• Exercise material
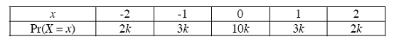 For the table to represent a probability function the value of k.
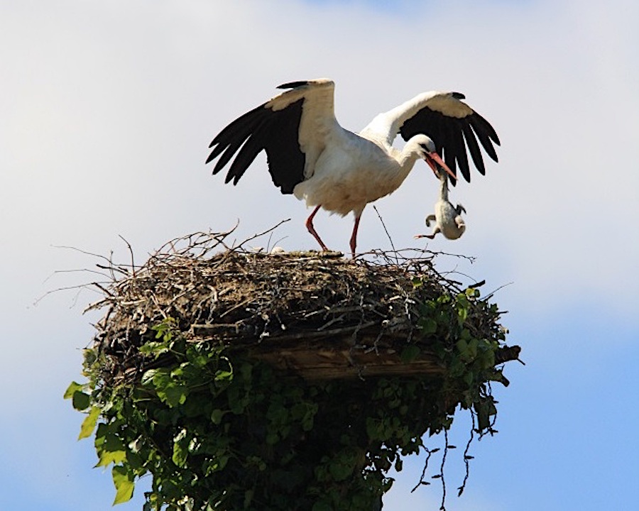 Gisterenmiddag heeft moeder ooievaar een kennelijk niet levensvatbaar kuiken uit het nest verwijderd.
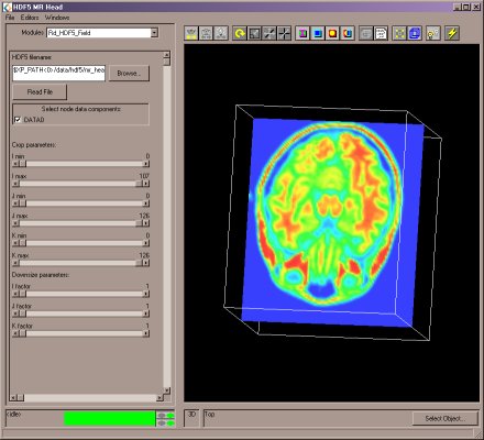 What's New in AVS/Express 6.1HDF5The handling of large data sets has been greatly improved with the addition of the HDF5 (Hierarchical Data Format) based reader and writer. HDF5 can be used to used to store multi gigabyte datasets. AVS/Express takes advantage of HDF5's abilities to select subsets of the data file before the data is read into memory. (more...)
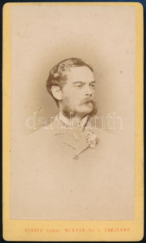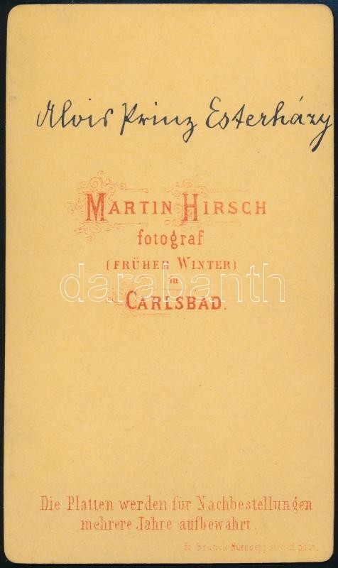 Leírás: cca 1870 galántai Esterházy Alajos (1844-1912) herceg, lovassági tábornok, keményátú fotó, Carlsbad, Martin Hirsch, 10x6 cm
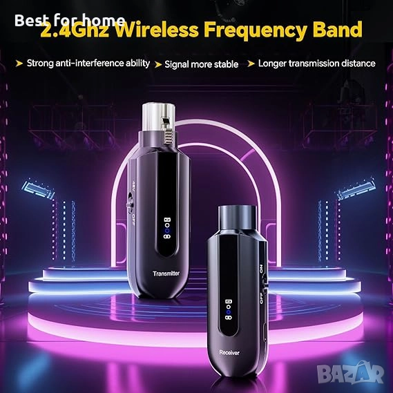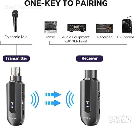XLR предавател и XLR приемник: Работи с всяка динамична, хармонична или кондензаторна микрофонна или безжична микрофонна система, аудио миксер и PA система, за да осигури стабилно и надеждно безжично предаване. Поддържа 6 комплекта на едно и също място едновременно. Идеален за партита, сватби, срещи, изпълнения на живо.
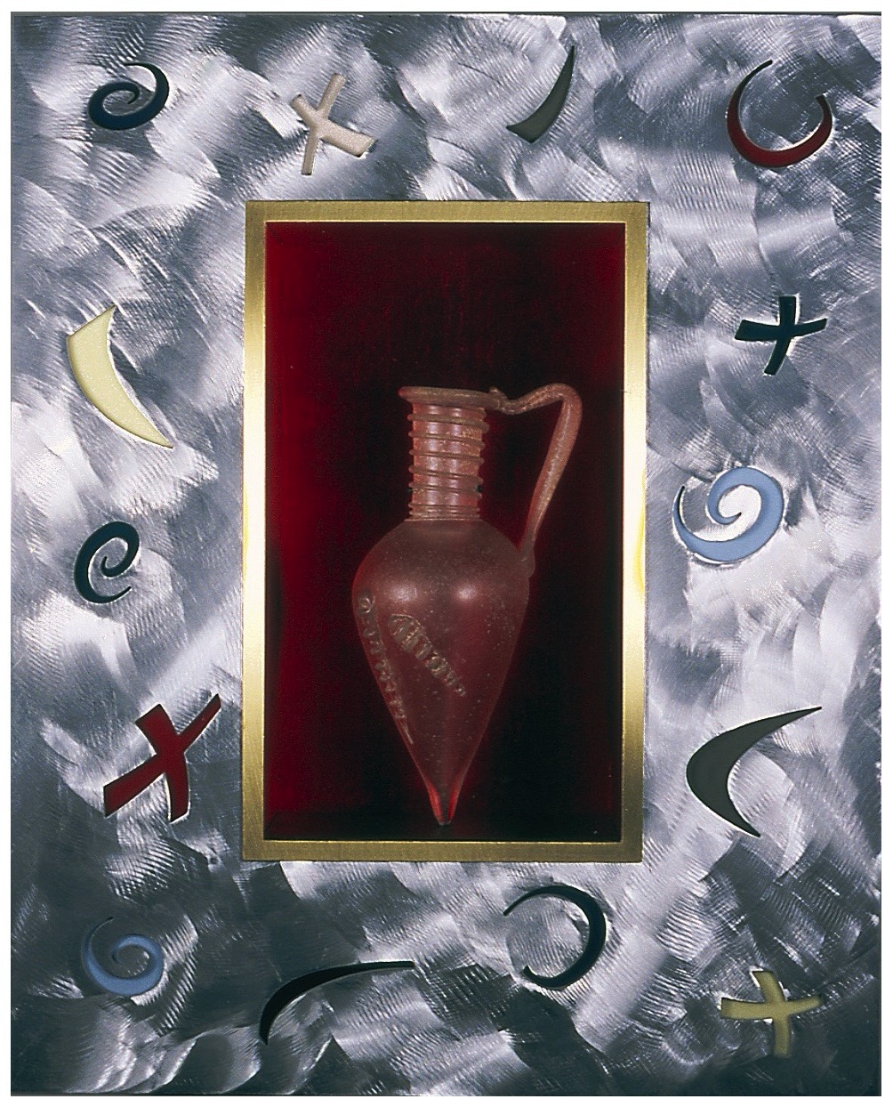 Roman Flask: Blown glass, Aluminum Box. $2,500. 17 x 21 x 5
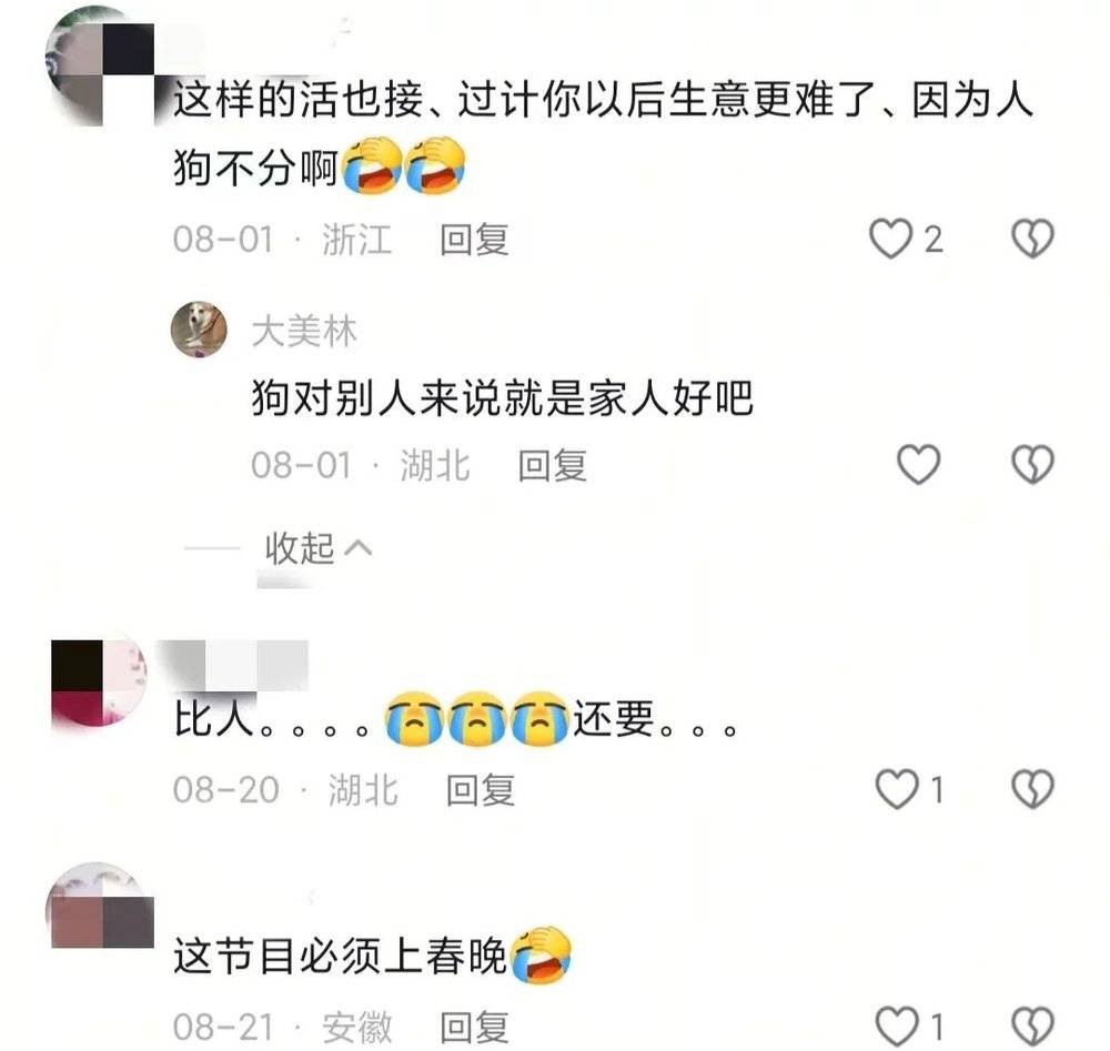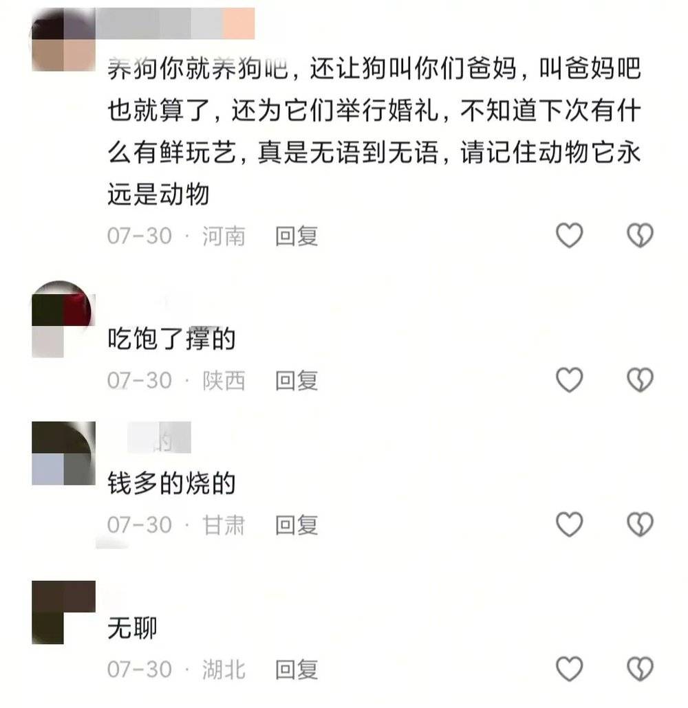 有人送出祝福与赞美,认为 「这是给 『家人』 最好的爱」;也有人表达不解与质疑,直呼 「看不懂」;还有人嘲讽宠物主人吃饱了撑的、人狗不分,甚至抨击李力啥钱都挣,「这样的活都接,以后只能给狗当司仪了!」

• Work instructions
Could you reproduce exactly, and only, the lines from the start of the records through the line containing "XLR предавател и", leaving out the pictures?

• Written reply
 For the table to represent a probability function the value of k.
 Gisterenmiddag heeft moeder ooievaar een kennelijk niet levensvatbaar kuiken uit het nest verwijderd.
 What's New in AVS/Express 6.1HDF5The handling of large data sets has been greatly improved with the addition of the HDF5 (Hierarchical Data Format) based reader and writer. HDF5 can be used to used to store multi gigabyte datasets. AVS/Express takes advantage of HDF5's abilities to select subsets of the data file before the data is read into memory. (more...)
 Leírás: cca 1870 galántai Esterházy Alajos (1844-1912) herceg, lovassági tábornok, keményátú fotó, Carlsbad, Martin Hirsch, 10x6 cm
XLR предавател и XLR приемник: Работи с всяка динамична, хармонична или кондензаторна микрофонна или безжична микрофонна система, аудио миксер и PA система, за да осигури стабилно и надеждно безжично предаване. Поддържа 6 комплекта на едно и също място едновременно. Идеален за партита, сватби, срещи, изпълнения на живо.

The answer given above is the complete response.